What Is the Closed Learning Loop
Most AI coding agents are stateless — they forget everything between sessions. Hermes Agent breaks this pattern with a closed learning loop that continuously converts experience into reusable knowledge. The cycle works like this: the agent receives a task, executes it using multiple tools, evaluates the outcome, and if the task was complex enough (5 or more tool calls), auto-generates a structured skill document. That document is stored locally and retrieved automatically the next time the agent encounters a similar task.
The loop is “closed” because it feeds back into itself. Each execution refines the skill, each refined skill produces better execution, and each better execution generates even more accurate skill updates.
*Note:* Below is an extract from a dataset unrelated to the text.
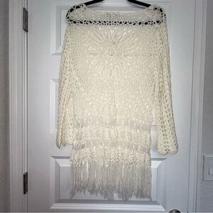 New, Boston Proper Crochet Daring Fringe Pullover Sweater

Over time, the agent becomes measurably faster at recurring workflows. One Reddit user reported a 40% speed improvement on repetitive research tasks after just 2 hours of use — the agent had auto-generated 8 research-related skills that eliminated redundant tool calls and optimized source selection.
The conceptual flow is: Task → Execute → Evaluate → Generate Skill → Store → Retrieve on next similar task. This creates a flywheel effect where the agent gets better the more you use it, without any manual configuration required.
How Skills Are Auto-Generated
Skill auto-generation is triggered when a task meets two conditions: it required 5 or more tool calls to complete, and the agent evaluates the task pattern as likely to recur. The agent does not generate a skill for every complex task — one-off tasks like “fix this specific typo in line 47” are skipped because they have no reuse potential.
When generation triggers, Hermes captures several pieces of information from the completed task:
- The trigger phrase — what the user said or what condition initiated the task
- Context requirements — what files, data, or environment state the task needed
- The tool call sequence — every tool invocation in order, with parameters
- Decision points — where the agent chose between alternatives and why
- The output format — how results were structured and delivered
This information is compiled into a structured Markdown document and saved to ~/.hermes/skills/with a descriptive filename. The entire process is automatic — you do not need to tell the agent to learn or save anything.
Skill Document Anatomy
Every auto-generated skill follows the same Markdown structure. Here is an annotated breakdown of a real skill document for a research synthesis workflow:
# Research Synthesis
## Trigger
- User says: "research X and summarize"
- User says: "find information about X"
- Context contains: research request with topic
## Context Requirements
- Internet access (web search tool available)
- No special files or environment variables needed
## Steps
1. Perform web search for the topic (3-5 queries with varied phrasing)
2. Filter results — prefer primary sources, peer-reviewed content,
official documentation; discard SEO spam and thin content
3. Extract key points from top 5-8 sources
4. Cross-reference claims across sources for accuracy
5. Synthesize findings into a structured summary
6. Format with headers, bullet points, and source citations
## Expected Output
- Structured summary (300-500 words)
- Key findings as bullet points
- Source list with URLs
- Confidence assessment for each major claim
## Version History
- v1.0 (2026-03-15): Initial generation after 3 research tasks
- v1.1 (2026-03-18): Added cross-referencing step (step 4)
- v1.2 (2026-03-22): Improved source filtering criteriaEach section serves a specific purpose. The Trigger section tells the agent when to activate this skill. Context Requirements list prerequisites. Stepsprovide the exact workflow sequence. Expected Output defines what success looks like. And Version History tracks how the skill has evolved over time.
Self-Iteration: How Skills Evolve
Skills are not static. When Hermes executes a skill and discovers a better approach during the task — a more efficient tool call sequence, a better filtering criteria, or a more useful output format — it updates the skill document automatically. This is what makes the system a true learning loop rather than just a template library.
Self-iteration happens in three scenarios:
- Optimization — the agent finds a way to achieve the same result with fewer tool calls or faster execution
- Error correction — a step in the skill produces unexpected results, and the agent discovers a fix
- Expansion — the agent handles a variation of the task that the current skill does not cover and adds new branches
Every update is logged in the Version History section with a timestamp and description. If a self-iteration introduces a regression (the updated skill performs worse), you can manually revert to a previous version by editing the Markdown file. The conflict resolution strategy is last-write-wins, but the full change log is always preserved so nothing is permanently lost.